# Any other modern era Marklin 1 gauge fans?



## Ricky Tanner (Sep 19, 2015)

While my main interest is 3 rail O scale. I do have an interest in the Modern era Marklin 1 gauge. I've got a few locomotives and several dozen freight wagons. Any other Marklin fans out there?


----------



## Cycleops (Dec 6, 2014)

I'm a big fan but unfortunately my bank manager isn't!


----------



## tailsgunner (Nov 17, 2015)

Ricky Tanner said:


> While my main interest is 3 rail O scale. I do have an interest in the Modern era Marklin 1 gauge. I've got a few locomotives and several dozen freight wagons. Any other Marklin fans out there?


I have a early 70's era Spur 1 set with the switcher, dump and gondola car and another Maxi 5441 set...but I really don't run them that much...Im afraid something will break and I won't be able to replace the parts.

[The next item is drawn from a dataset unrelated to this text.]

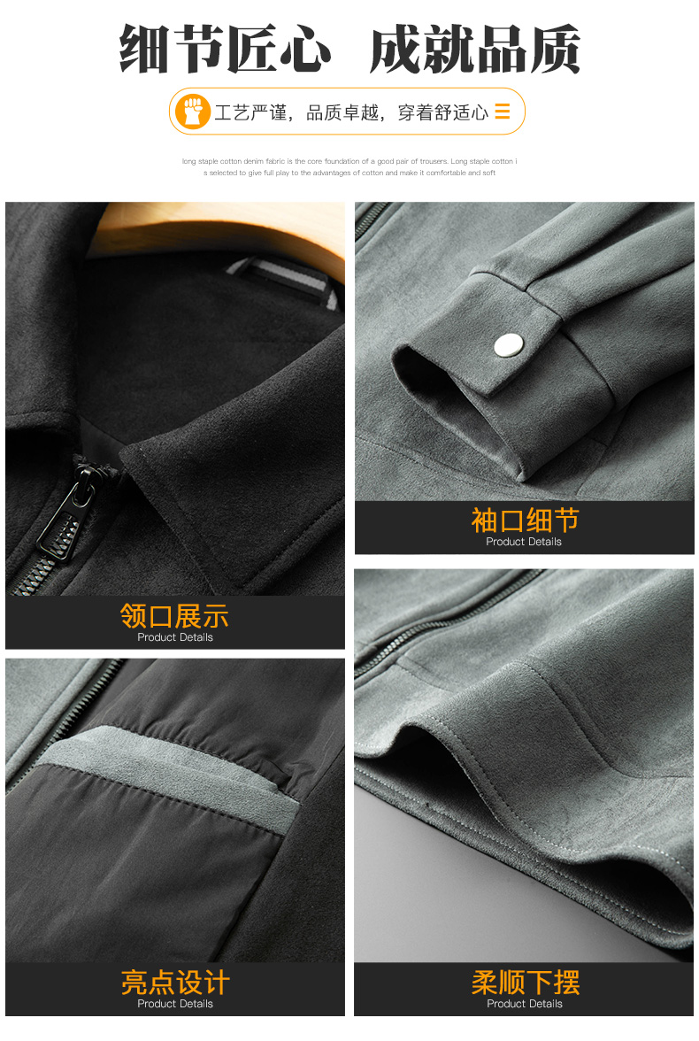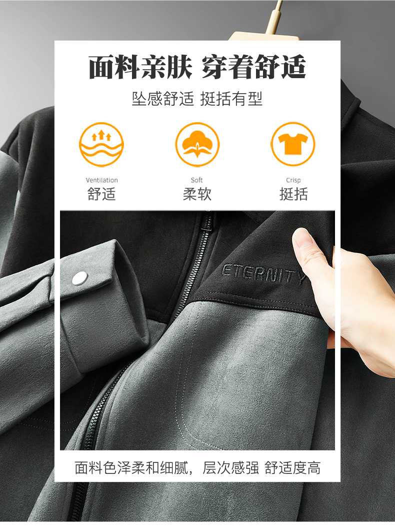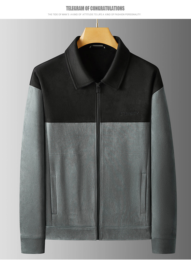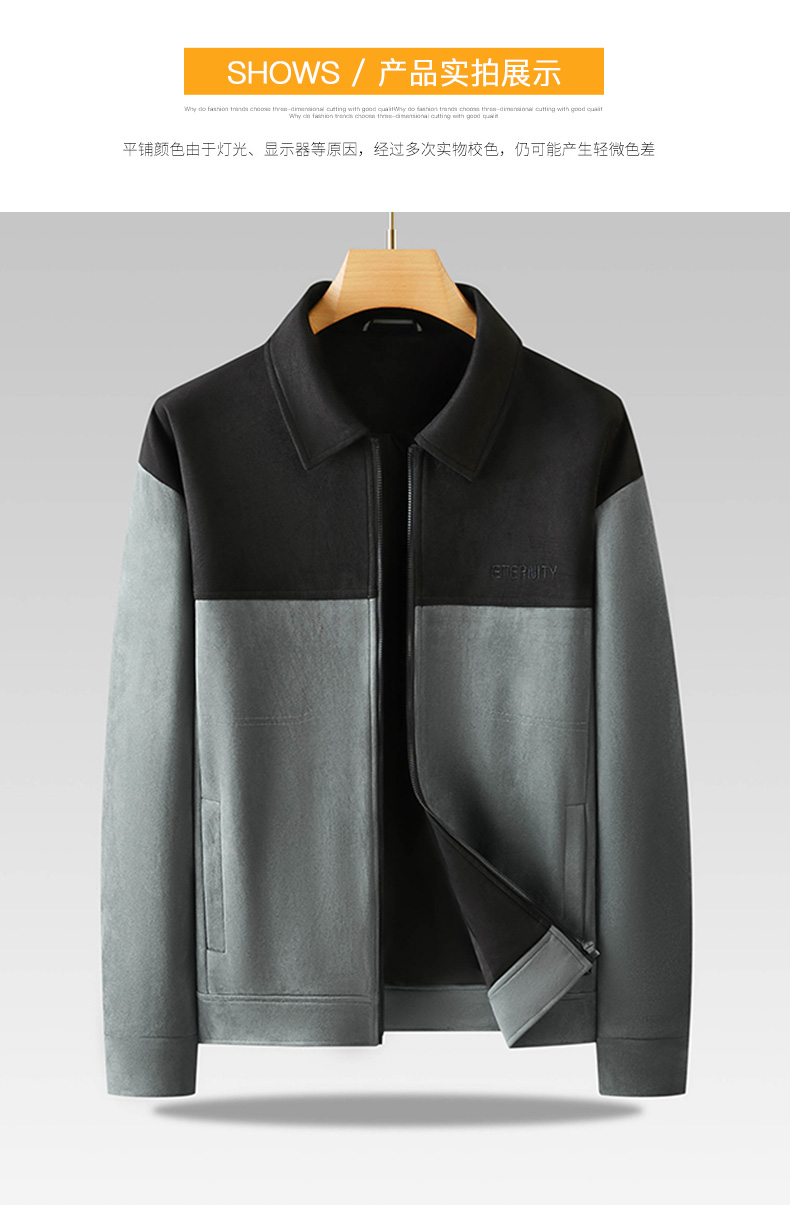 【麂皮绒】【新款DPF】大依优型大码男装翻领夹克麂皮绒加肥加大休闲夹克胖子宽松外套上衣

What voltage do these sets run on?

Thank you


----------



## Ricky Tanner (Sep 19, 2015)

tailsgunner said:


> I have a early 70's era Spur 1 set with the switcher, dump and gondola car and another Maxi 5441 set...but I really don't run them that much...Im afraid something will break and I won't be able to replace the parts.
> 
> What voltage do these sets run on?
> 
> Thank you


They run on on 14V AC. Use a Marklin 30VA transformer like a 6177. This is the US 120V 60Hz version.


----------



## mtoney (Oct 6, 2012)

I picked up the strip down version of the Henschel diesel switcher and a gondola at a show. Most of Marklin's gauge 1 line is well out of my reach cost wise. I am going to switch my mostly LGB powered garden railway over to Marklin. Hope to pick up the br80 0-6-0 that is the same vintage as my diesel, and a few more of the early freight cars. Those are, for the most part, affordable still. You can change the early diesel and br80 over to DC power, There is a company that makes a replacement magnet coil assembly to replace the AC power version. Then you remove the reverse unit, and just wire it like any other DC motor. Otherwise you use the Marklin 30va AC transformer to run and control direction, just like thier HO of that era Mike


----------